DATA BELOW:
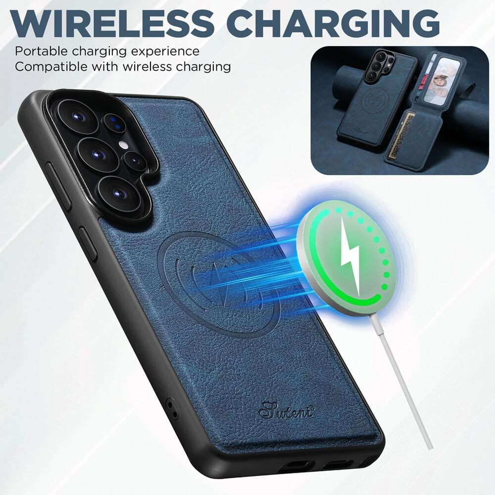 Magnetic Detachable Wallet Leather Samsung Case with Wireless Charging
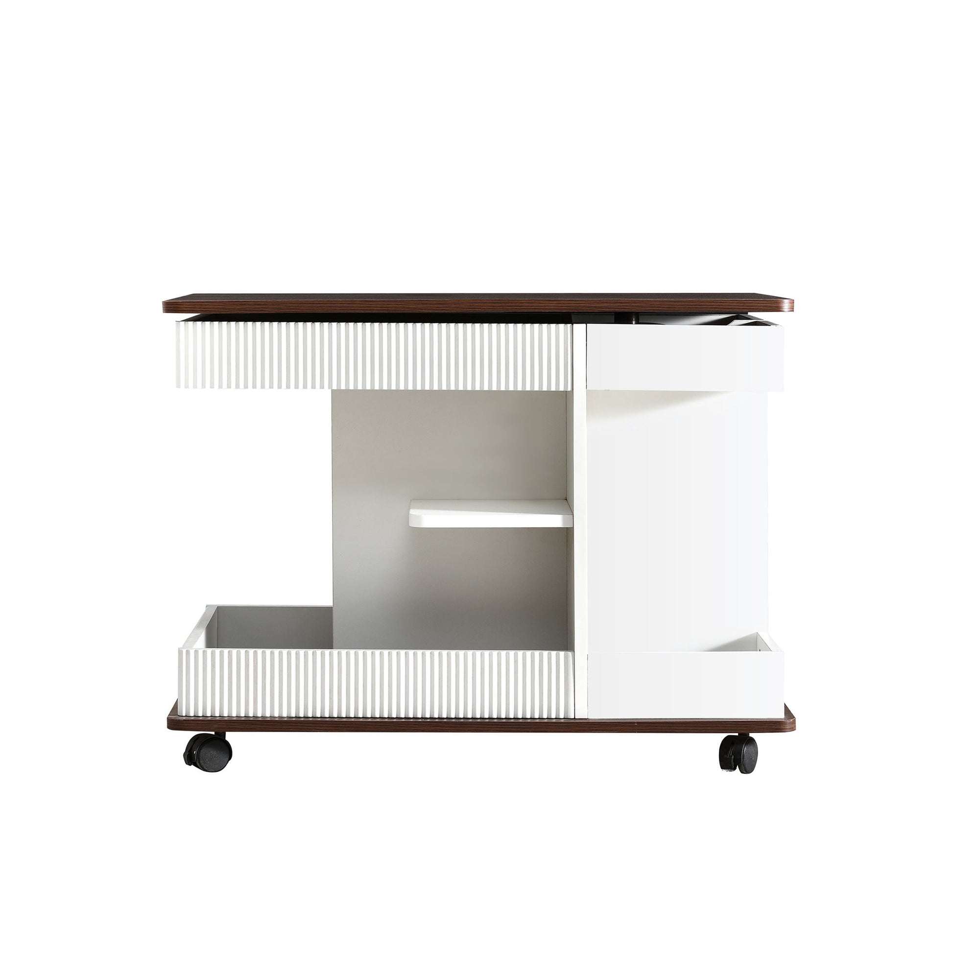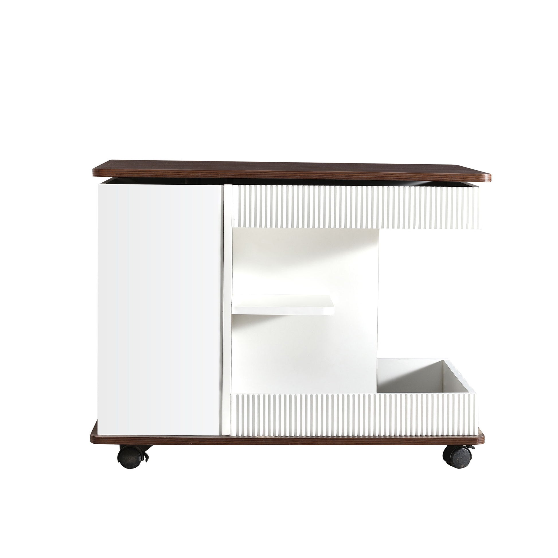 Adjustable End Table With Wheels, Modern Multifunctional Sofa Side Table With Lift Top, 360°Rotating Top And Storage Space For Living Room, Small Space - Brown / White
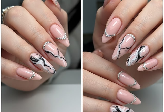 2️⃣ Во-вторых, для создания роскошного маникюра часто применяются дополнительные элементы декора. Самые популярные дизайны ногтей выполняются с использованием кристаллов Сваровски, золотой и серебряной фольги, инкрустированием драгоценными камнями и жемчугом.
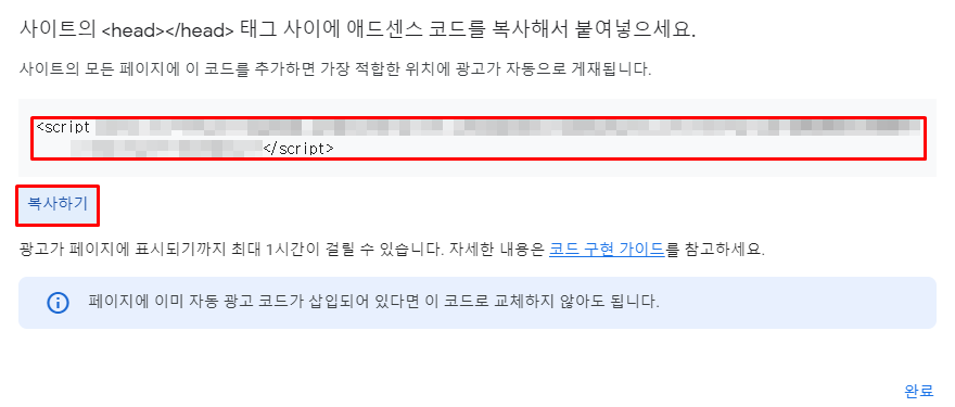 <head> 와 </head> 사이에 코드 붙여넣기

WORK INSTRUCTIONS: Print every line of the data exactly. Pictures do not belong in the copy.

WRITTEN REPLY:
 Magnetic Detachable Wallet Leather Samsung Case with Wireless Charging
 Adjustable End Table With Wheels, Modern Multifunctional Sofa Side Table With Lift Top, 360°Rotating Top And Storage Space For Living Room, Small Space - Brown / White
 2️⃣ Во-вторых, для создания роскошного маникюра часто применяются дополнительные элементы декора. Самые популярные дизайны ногтей выполняются с использованием кристаллов Сваровски, золотой и серебряной фольги, инкрустированием драгоценными камнями и жемчугом.
 <head> 와 </head> 사이에 코드 붙여넣기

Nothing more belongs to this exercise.